Field reference (verified against the live CRD via oc explain clustercurator.spec.upgrade):

Field	Type	Notes
`desiredCuration`	string enum	`install`, `upgrade`, `scale`, `destroy`. `""` clears, allowing re-arm.
`upgrade.desiredUpdate`	string	Target X.Y.Z. Required.
`upgrade.channel`	string	Update channel. Should match what the spoke is on (or one it can switch to).
`upgrade.intermediateUpdate`	string	EUS→EUS only. Curator will hop through this version first.
`upgrade.monitorTimeout`	int (minutes)	Default 120. Only affects the `monitor-upgrade` container; the upgrade keeps going if it expires.
`upgrade.upstream`	string	Override OSUS URL.
`upgrade.prehook` / `posthook`	[]obj	Ansible Tower job specs.
`upgrade.overrideJob`	obj	Full pod template — completely replaces the default job.
`upgrade.towerAuthSecret`	string	Tower secret for prehook/posthook.

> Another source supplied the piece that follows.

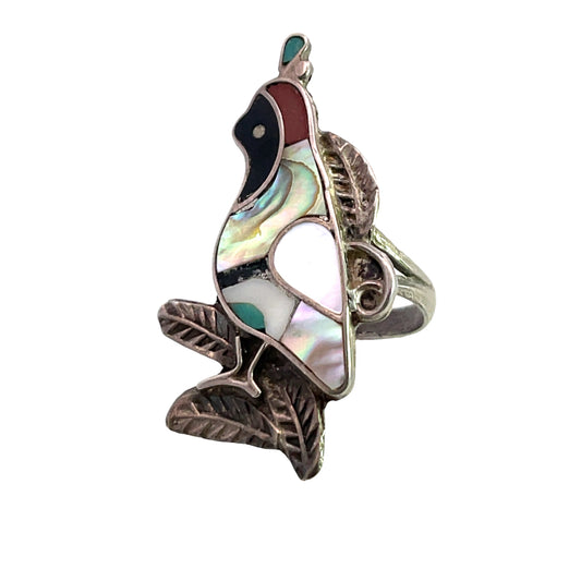 Native American Sterling silver, mother of pearl, turquoise, coral and onyx ring
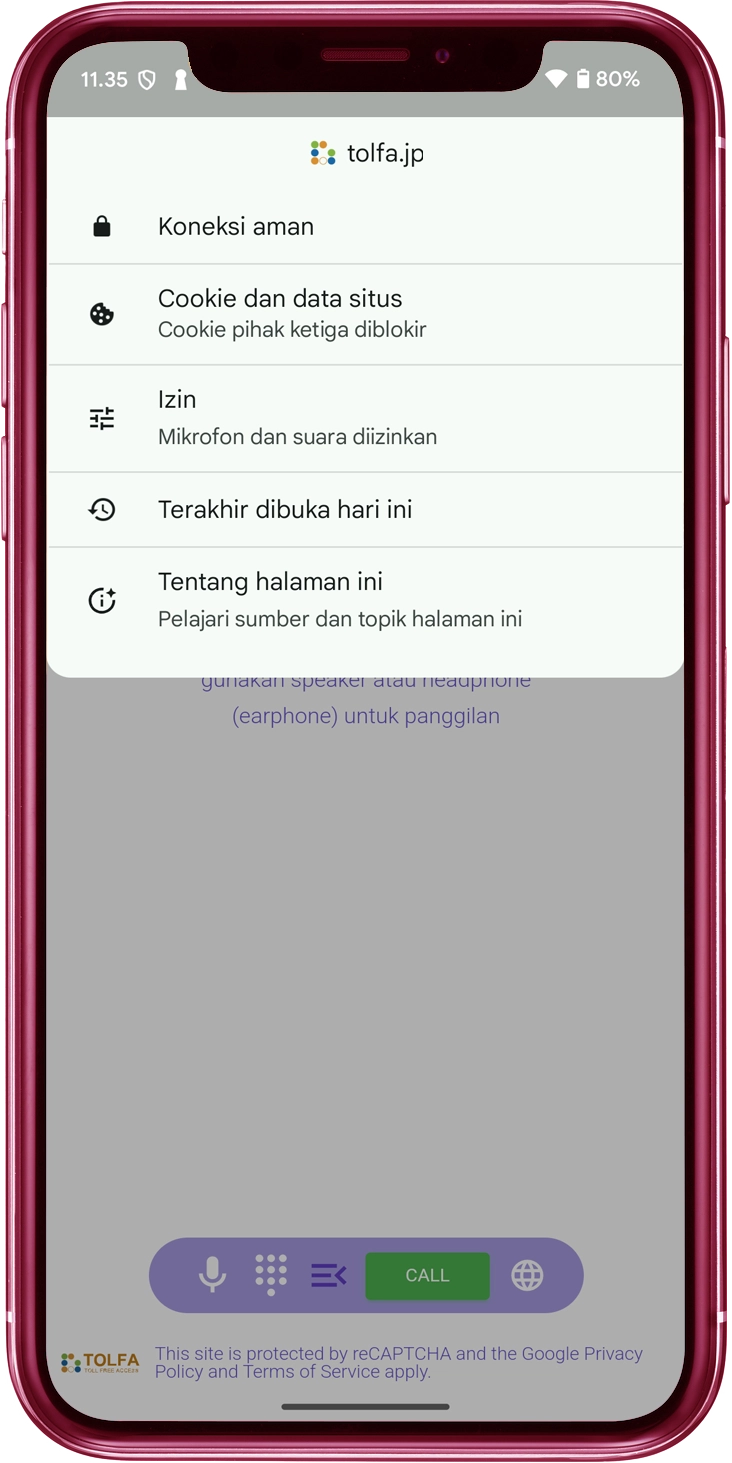 Jika akses mikrofon saat ini tidak diizinkan, Anda harus mencari situs web "tolfa.jp" dalam daftar dan kemudian aktifkan akses mikrofon untuknya.

Server-side validation before applying

oc apply --dry-run=server -f curator-anaeem-4.20.11.yaml

Catches schema mistakes without creating anything.

Apply

oc apply -f curator-anaeem-4.20.11.yaml

The curator controller picks it up within a few seconds, populates spec.curatorJob, and creates the Job.

4. Watching progress

4.1 Curator-side (hub)

# CR conditions — the canonical view of curator state
oc get clustercurator -n anaeem anaeem \
  -o jsonpath='{range .status.conditions[*]}{.type}={.status} {.message}{"\n"}{end}'

# Example output during a healthy upgrade:
#   clustercurator-job=False  curator-job-rtpw6 DesiredCuration: upgrade
#   upgrade-cluster=True      Completed executing init container
#   monitor-upgrade=False     Upgrade status - Working towards 4.20.11: 119 of 959 done (12% complete), waiting on etcd, kube-apiserver

# The job and pod
oc get jobs,pods -n anaeem | grep curator

# Live tail of the monitor container (this is the most useful single command during an upgrade)
JOB=$(oc get clustercurator -n anaeem anaeem -o jsonpath='{.spec.curatorJob}')
oc logs -n anaeem -l job-name=$JOB -c monitor-upgrade -f

Condition meanings:

clustercurator-job — overall job lifecycle. False/Job_has_finished here is misleading; it just means a job was launched.
upgrade-cluster — True once the init container successfully patched the spoke.
monitor-upgrade — carries the live progress message. Becomes True on success.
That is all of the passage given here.